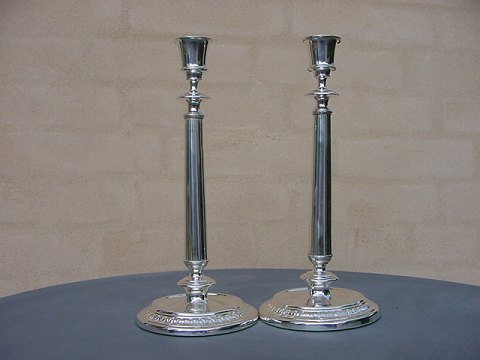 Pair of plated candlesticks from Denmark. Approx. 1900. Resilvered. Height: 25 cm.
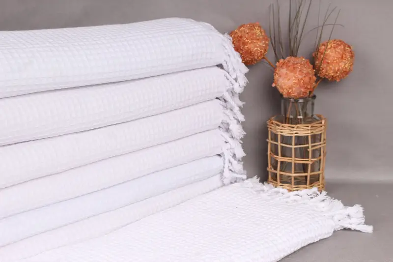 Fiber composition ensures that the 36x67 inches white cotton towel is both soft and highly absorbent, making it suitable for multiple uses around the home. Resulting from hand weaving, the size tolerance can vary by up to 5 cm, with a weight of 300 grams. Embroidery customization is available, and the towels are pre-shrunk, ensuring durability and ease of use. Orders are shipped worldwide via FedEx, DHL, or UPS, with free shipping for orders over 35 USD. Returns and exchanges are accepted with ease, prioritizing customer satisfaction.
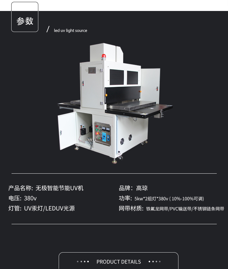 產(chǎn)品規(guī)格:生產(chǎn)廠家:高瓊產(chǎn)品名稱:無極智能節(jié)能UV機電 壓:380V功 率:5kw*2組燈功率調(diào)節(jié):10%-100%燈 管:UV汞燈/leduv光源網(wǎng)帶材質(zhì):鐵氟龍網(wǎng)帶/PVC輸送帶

* * *

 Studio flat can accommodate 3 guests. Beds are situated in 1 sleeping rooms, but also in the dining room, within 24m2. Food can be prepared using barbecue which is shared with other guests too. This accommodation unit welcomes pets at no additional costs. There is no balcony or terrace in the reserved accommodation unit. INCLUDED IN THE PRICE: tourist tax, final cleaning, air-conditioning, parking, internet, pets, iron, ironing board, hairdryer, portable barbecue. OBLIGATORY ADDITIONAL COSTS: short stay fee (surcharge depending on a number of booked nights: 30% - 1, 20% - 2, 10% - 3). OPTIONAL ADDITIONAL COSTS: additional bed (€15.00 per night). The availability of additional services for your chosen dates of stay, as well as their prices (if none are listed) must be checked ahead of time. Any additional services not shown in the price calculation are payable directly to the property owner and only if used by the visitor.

ASSIGNMENT: In the data above, find the line containing "Pair of plated" and the line containing "Fiber composition ensures". Copy exactly the stretch from the first through the second, both included, leaving out any picture.

COMPLETED TASK:
 Pair of plated candlesticks from Denmark. Approx. 1900. Resilvered. Height: 25 cm.
 Fiber composition ensures that the 36x67 inches white cotton towel is both soft and highly absorbent, making it suitable for multiple uses around the home. Resulting from hand weaving, the size tolerance can vary by up to 5 cm, with a weight of 300 grams. Embroidery customization is available, and the towels are pre-shrunk, ensuring durability and ease of use. Orders are shipped worldwide via FedEx, DHL, or UPS, with free shipping for orders over 35 USD. Returns and exchanges are accepted with ease, prioritizing customer satisfaction.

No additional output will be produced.